In 1717 he allied himself with le Nouveau Mercure, a paper devoted to the interests of the Modernes as against those of the Anciens. This quarrel over the comparative merits of the ancient and modern writers, begun in the first half of the seventeenth century with the abbé de Bois- Robert, Desmarets de Saint-Sorlin, and later Perrault, Fontenelle, La Motte, and others ranged on the side of the latter, while Boileau, Corneille, Racine, Rollin, Mme. Dacier, and followers strenuously upheld the honor of antiquity, had dragged on through the seventeenth and into the eighteenth century, until apparently the last word had been said by Mme. Dacier in her Préface à la traduction de l'Odyssée (1716). Marivaux, however, by turn of mind and training a modern, and ever the champion of his friend La Motte, and, perhaps more to avenge him for the "grosses paroles de Mme. Dacier"[33] than to depreciate le divin Homère (whom he made a point of always mentioning in that way), would not let the matter rest, and, in 1717, composed a burlesque poem entitled l'Iliade ravestie.
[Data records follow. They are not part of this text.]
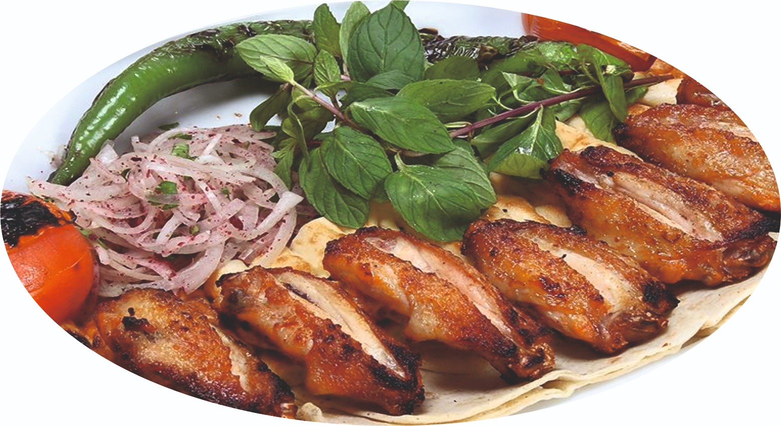 Marine edilmiş tavuk parçaları, şişe dizilerek ızgarada pişirilir. Yanında közlenmiş sebzeler ve taze garnitürlerle sunulur.
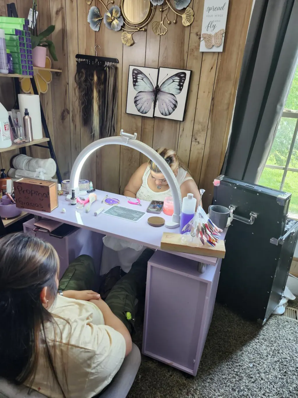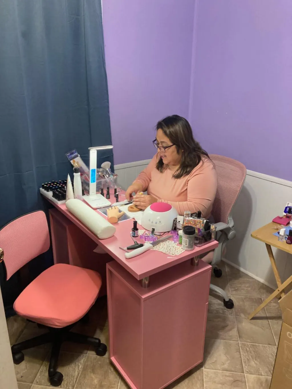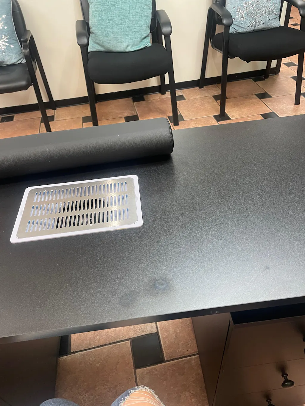 Omysalon MT-DC Nail Manicure Table w/Electric Dust Collector & Wrist Rest & 2 Open Spaces 1 Side Cabinet 4 Drawers
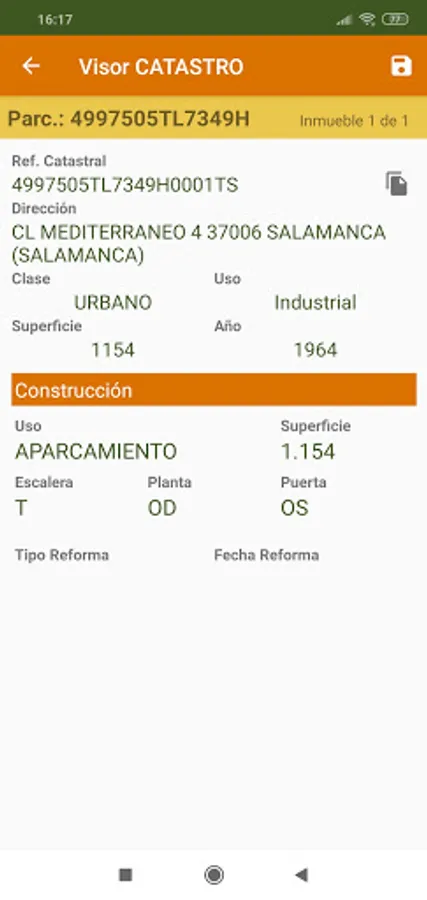 View the cadastral information and copy, if you wish, the cadastral reference of the property.

Had he been familiar with the Greek language, he might never have committed this piece of literary impudence, but he knew Homer only through La Motte's reduction of the Iliad, which in turn was based upon Mme. Dacier's translation. If his object was to overthrow the great Greek poet, it must have been a bitter disappointment to Marivaux to see that his burlesque passed almost unnoticed by his contemporaries and was soon forgotten. The same year he wrote a Télémaque travesti, a parody on the masterpiece of Fénelon. This work was not published until 1736, when it was received with such disapprobation that he hastened to disavow its authorship.[34]